A rate cut wasn’t discussed this week but the Board looked at downside risks to growth and inflation. It was a consensus decision. The economy is “broadly” developing in line with the RBA’s outlook. As inflation pressures remain, it will wait for more information to see if it adds to its confidence that underlying inflation is moving sustainably towards the mid-point of the target band. With greater confidence, the Board can consider the timing of further easing.
- Governor Bullock noted that neither she nor the Board have made up their minds re the May meeting. If the updated staff forecasts and upcoming data, including Q1 CPI and two labour market prints, make it “more confident” that inflation is sustainably returning to the band then it will consider another rate cut. It remains more cautious than market pricing implies and the May projections will determine if that view persists.
- Bullock reminded us that Australia doesn’t have as much restrictiveness to remove as others.
- There were a lot of questions regarding US tariffs given the imminent announcement. Governor Bullock noted that Australia is unlikely to have a material direct impact given its small exposure to the US but how its main trading partners & supply chains are affected, notably China, and retaliatory measures are areas of concern. China’s focus on its 5% growth target and related stimulus should mean the effect on Australia is minimal, thus the Board has time to watch and wait.

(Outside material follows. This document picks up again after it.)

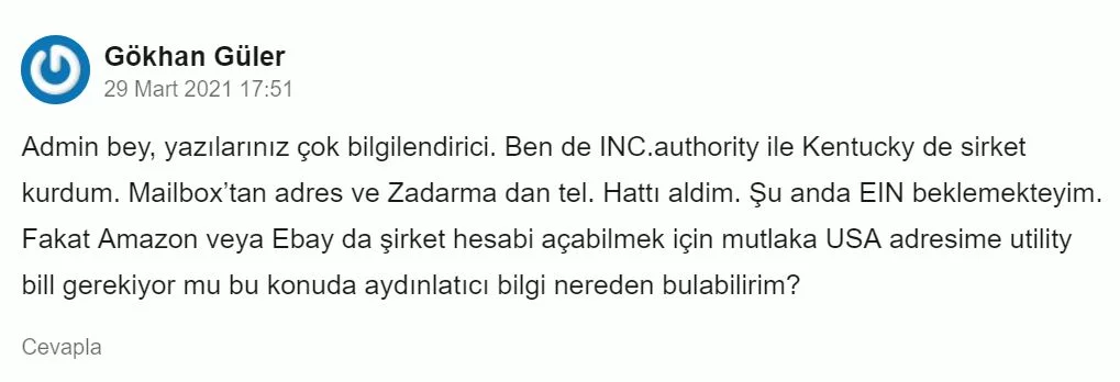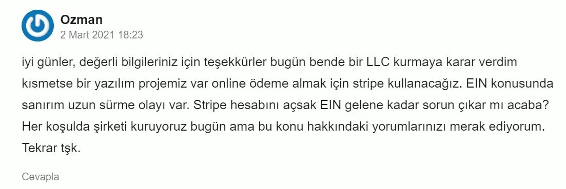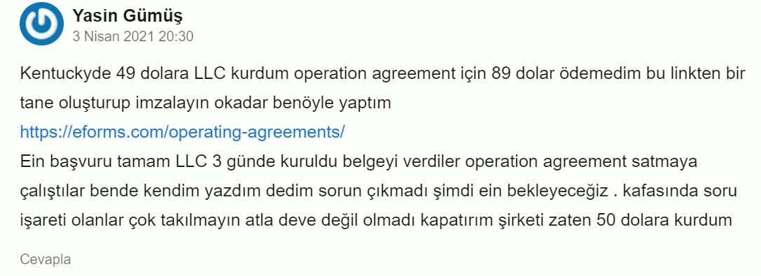Amerika'da şirket kurma ile ilgili an itibari ile yaklaşık 170 tartışma (yorum) bulunan makaledeki diğer kullanıcı deneyimlerine aşağıdaki konudan göz atabilirsiniz.

- The RBA is well positioned to react with rates and the currency will also provide a buffer, which usually happens with lower commodity prices and global growth. A prolonged trade war would reduce global activity which would be a problem for Australia.
- While the impact on inflation is unclear, the RBA will continue to focus on containing inflation as uncontrolled inflation drives higher unemployment.
- Central banks will be looking for a price level shift from tariffs that becomes ingrained in inflation.